Hi, @szymon-datalions Thank you for your clear explanation. I just not found the calculation for population at risk n(vi) = 100,000 * count of mortality cases/rate. Thank you for your time and any possible responses.

SimonMolinsky commented 3 years ago

Hi @Mujingrui ,

Code itself doesn't calculate incidence rates (100.000 * cases/total population) and you must prepare data in this format. Population per unit is calculated from the given shapefiles with population centroids / blocks. But small function for cases -> rates conversion could be useful, so I'll add it into the package.

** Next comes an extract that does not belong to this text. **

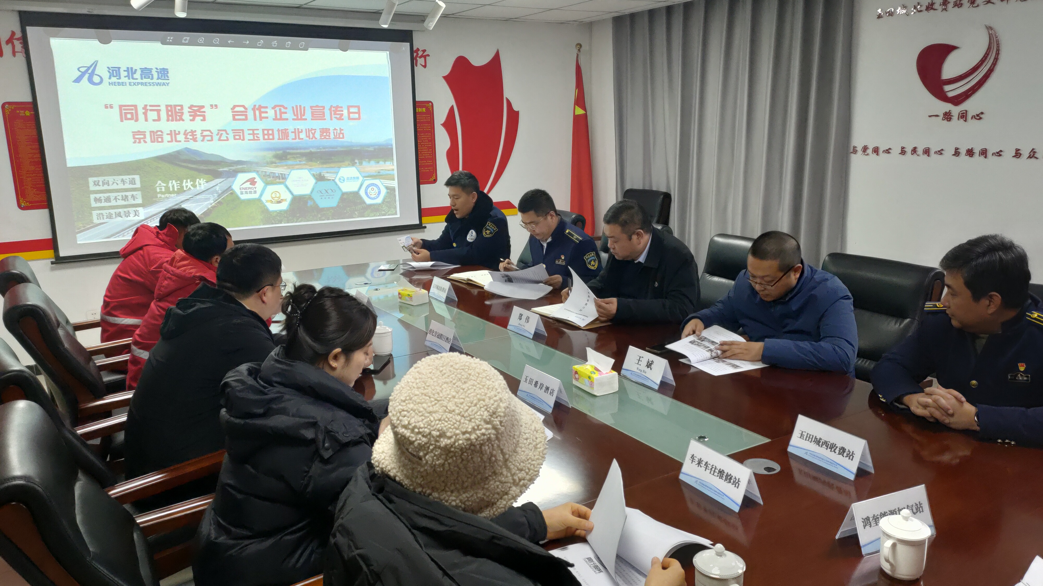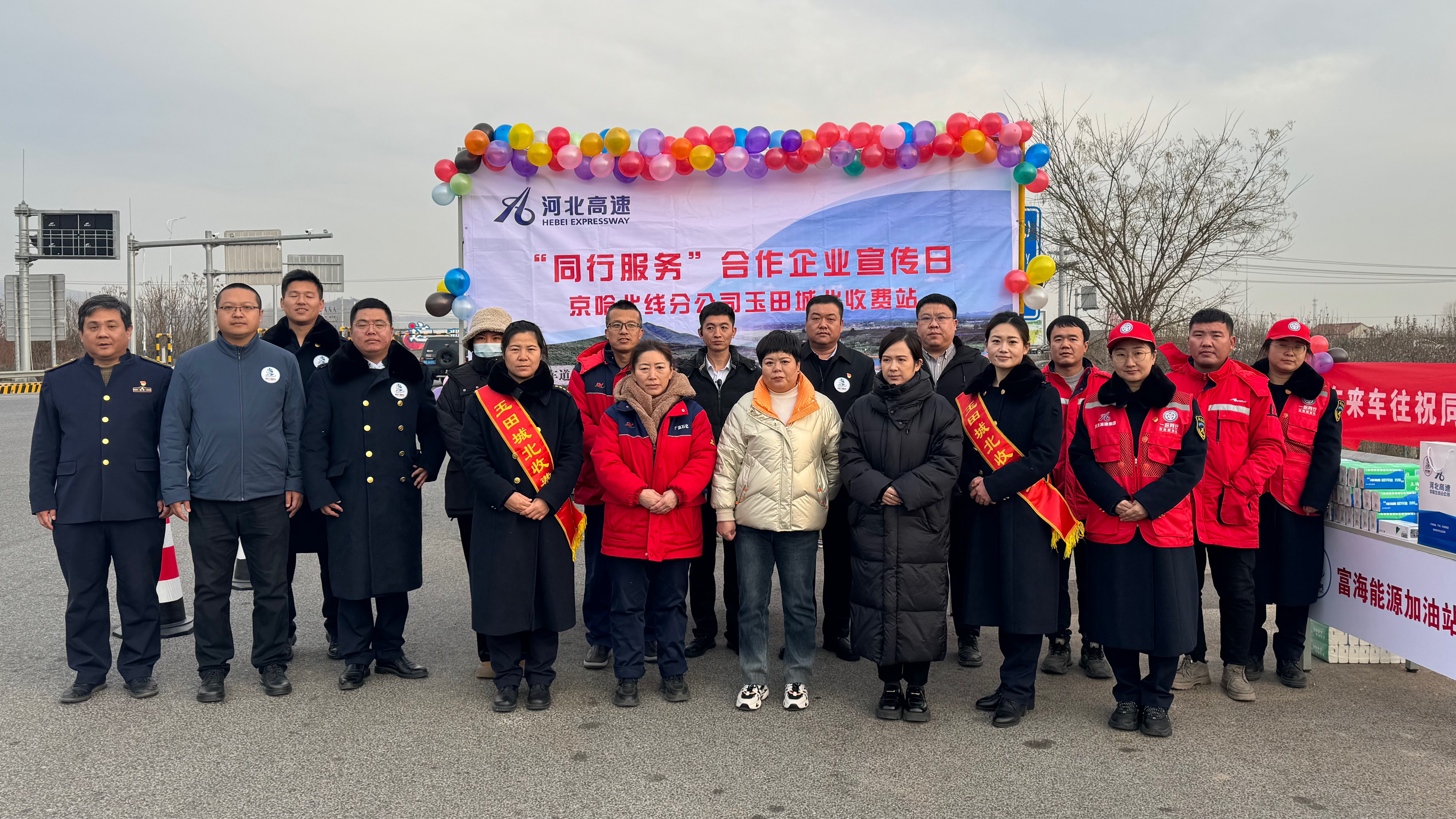 为进一步提升京哈北线分公司“同行服务”品牌知名度和影响力,促进品牌建设再提升,展现“同行服务”良好品牌形象,12月19日下午,玉田城北收费站联合遵化皇冠假日酒店、玉田希岸酒店、富海能源加油站等属地知名企业,在玉田城北收费站开展“同行服务”系列活动。

Mujingrui commented 3 years ago

Hi @szymon-datalions,

Thank you for your kindly reply. I am just wondering that such kind of dataset is not easily prepared sometimes, because it is difficult to get the cases data and rate data at each population centroid. Mostly the number of cases and rates will be given at each region, not at each population centroid.

Thanks for your reply.

SimonMolinsky commented 3 years ago

Hi @Mujingrui ,

Do you mean that data preparation (or more precisely data mining) step may be an obstacle which prevents users from using pyinterpolate? If so, this is a very important piece of information and I'll take it into account in the future. Thank you for your time!

Mujingrui commented 3 years ago

Hi, @szymon-datalions

Thank you for your reply. Yes, this is my point. Since sometimes it's difficult to collect the number of cases at each population centroid. Public Health Department always gives us the number of cases in each area.

Cheers.

SimonMolinsky commented 3 years ago

I'll let this issue open for some time because I'm working with the new project related to the greater availability of those data sources directly from the Python.